Democrat-favored news network CNN took the number-two slot (with a 66 percent net favorability divide) while right-leaning Fox News and left-leaning NBC tied for the third-place (both with a 54 percent favorability gap).

In terms of overall aversion, Trump Hotels, Wells Fargo, DirectTV and Phillip Morris are among the brands with the highest unfavorable rating among Democrats, while the National Football League, CNN, MSNBC and MTV are some of the brands most disliked among Republicans. The NFL’s unusually high ranking, cited as the single most disliked Republican brand, was undoubtedly influenced as a result of the league’s First Amendment player protests against police brutality, which eventually boiled into a spat with President Trump.

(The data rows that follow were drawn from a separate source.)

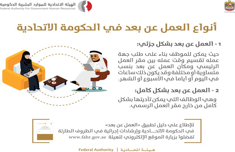 ويهدف دليل العمل عن بعد إلى الحفاظ على سلامة الموظفين، وتمكين الجهات الاتحادية من تطبيق قرار العمل عن بعد الذي صدر مؤخراً عن حكومة دولة الإمارات، وضمان استمرارية تأدية الأعمال وتقديم كافة الخدمات الحكومية في ظل الظروف الطارئة، حيث يتضمن الدليل إرشادات وخطوات عملية يمكن اتخاذها من قبل الجهات الاتحادية عند تطبيق العمل عن بعد.
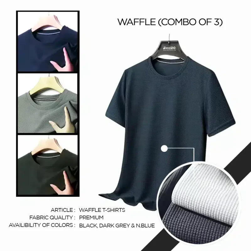 Upgrade your everyday wardrobe with our Bundle of 3 Lightweight & Breathable Waffle T-Shirts for Men, crafted from premium-quality polyester for all-day comfort and a sleek, modern look. The soft waffle-textured fabric not only feels great on the skin but also enhances breathability, making these tees perfect for warm weather or layering. Whether you’re heading to the gym, lounging at home, or going out casually, this versatile 3-pack combo in Black, Dark Grey, and Navy Blue gives you the perfect mix of comfort, durability, and effortless style – all in one deal.
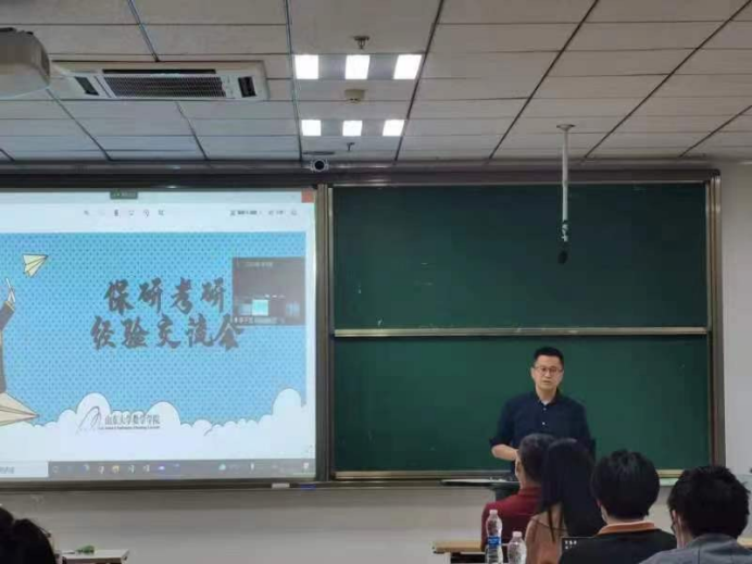 4月16日晚, 由WilliamHill中文官方网站本科生党支部和学生会联合主办的数学学科保研考研经验交流会顺利举办,WilliamHill中文官方网站党委书记王光辉教授、副院长刘丙强教授、党委副书记张艳强、辅导员郑柔澄及270余名同学参会。
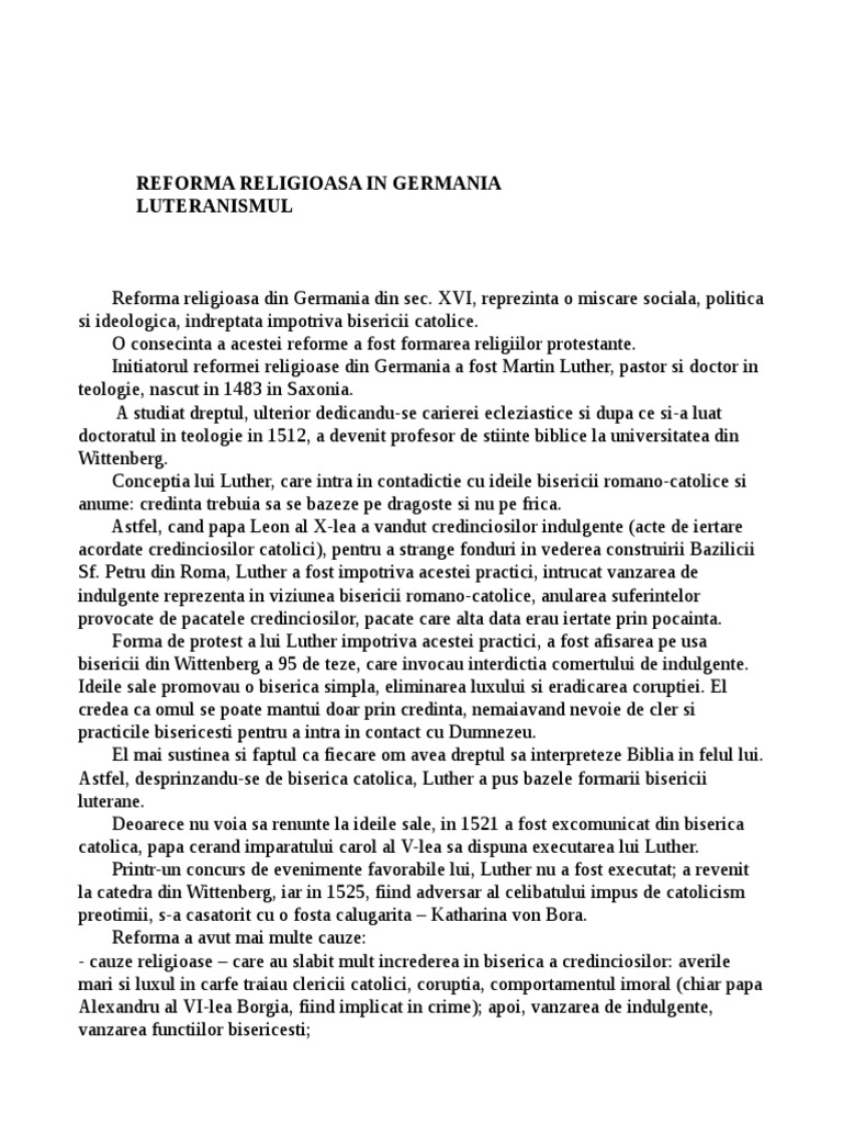 Initiatorul reformei religioase din Germania a fost Martin Luther, pastor si doctor in

It should also come as no surprise that U.S. media companies accounted for the brands that divided Democrats and Republicans the most often. The New York Times took fifth place in the list, beating out MSNBC, which was number-six. Washington Post was ranked tenth. Overall, media brands comprised 19 of the top 30 most polarizing brands in America, and accounted for all but one brand in the top ten (Trump Hotels).

The rankings brought to light other political battlegrounds among brands as well. Walmart is more popular among Republican shoppers, while Democrats see Target in a more favorable light. The NBA is a Democrat favorite, while Republicans prefer NASCAR. National pizza chains such as Papa John’s, Little Caesars and Pizza Hut are enjoyed overwhelmingly by Republicans.

Morning Consult’s “Most Polarizing Brands” study was based on survey interviews with more than 360,000 U.S. adults conducted online between early Oct. 2017 and early Jan. The top 30 brands were drawn from a prospective list of about 1,900.